▶ _Prompt_
The entries below contain pictures. Write out only the lines from the line with "图8 海河源区丰水期典型采样点地表水与地下水补给比例" up to and including the line with "For Realme 10", exactly, without them.

▶ _Data to use_
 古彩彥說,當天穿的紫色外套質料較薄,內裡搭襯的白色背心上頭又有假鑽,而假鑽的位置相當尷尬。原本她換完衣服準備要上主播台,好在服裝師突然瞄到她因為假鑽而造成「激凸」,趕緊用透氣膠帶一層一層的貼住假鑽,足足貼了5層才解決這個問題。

---

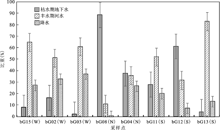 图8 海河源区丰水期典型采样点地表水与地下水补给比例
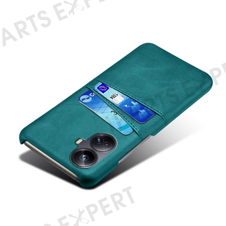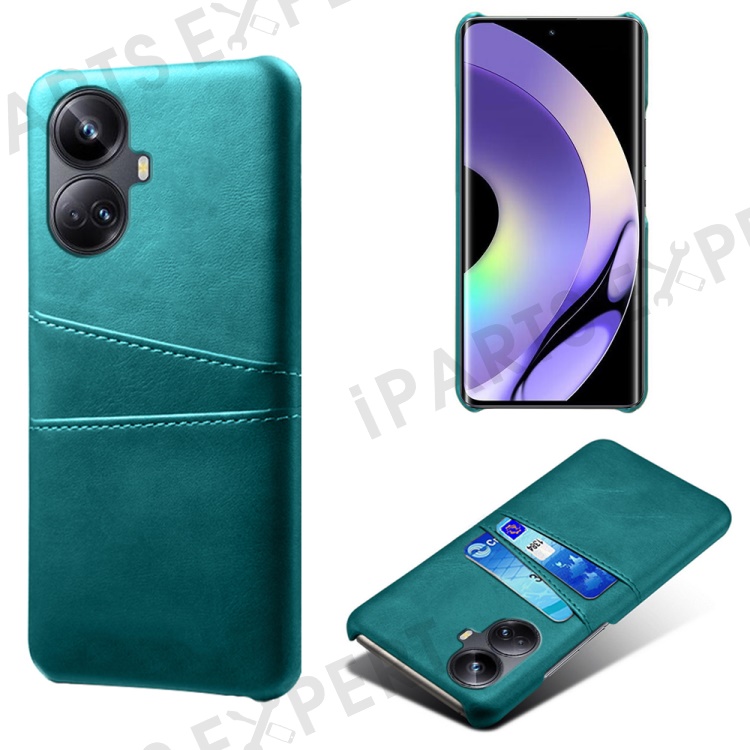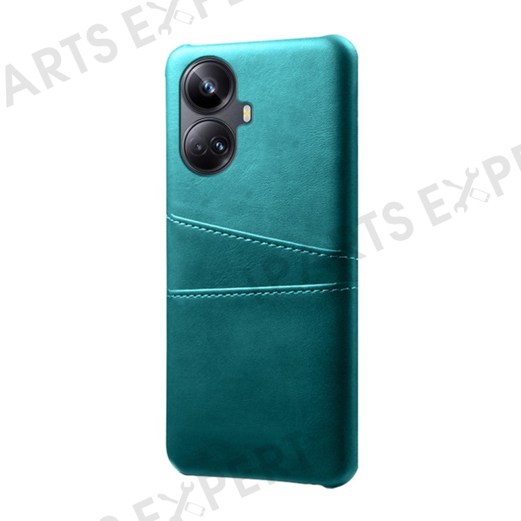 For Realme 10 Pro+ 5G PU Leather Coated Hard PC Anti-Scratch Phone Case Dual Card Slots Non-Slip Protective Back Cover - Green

▶ _Task output_
 图8 海河源区丰水期典型采样点地表水与地下水补给比例
 For Realme 10 Pro+ 5G PU Leather Coated Hard PC Anti-Scratch Phone Case Dual Card Slots Non-Slip Protective Back Cover - Green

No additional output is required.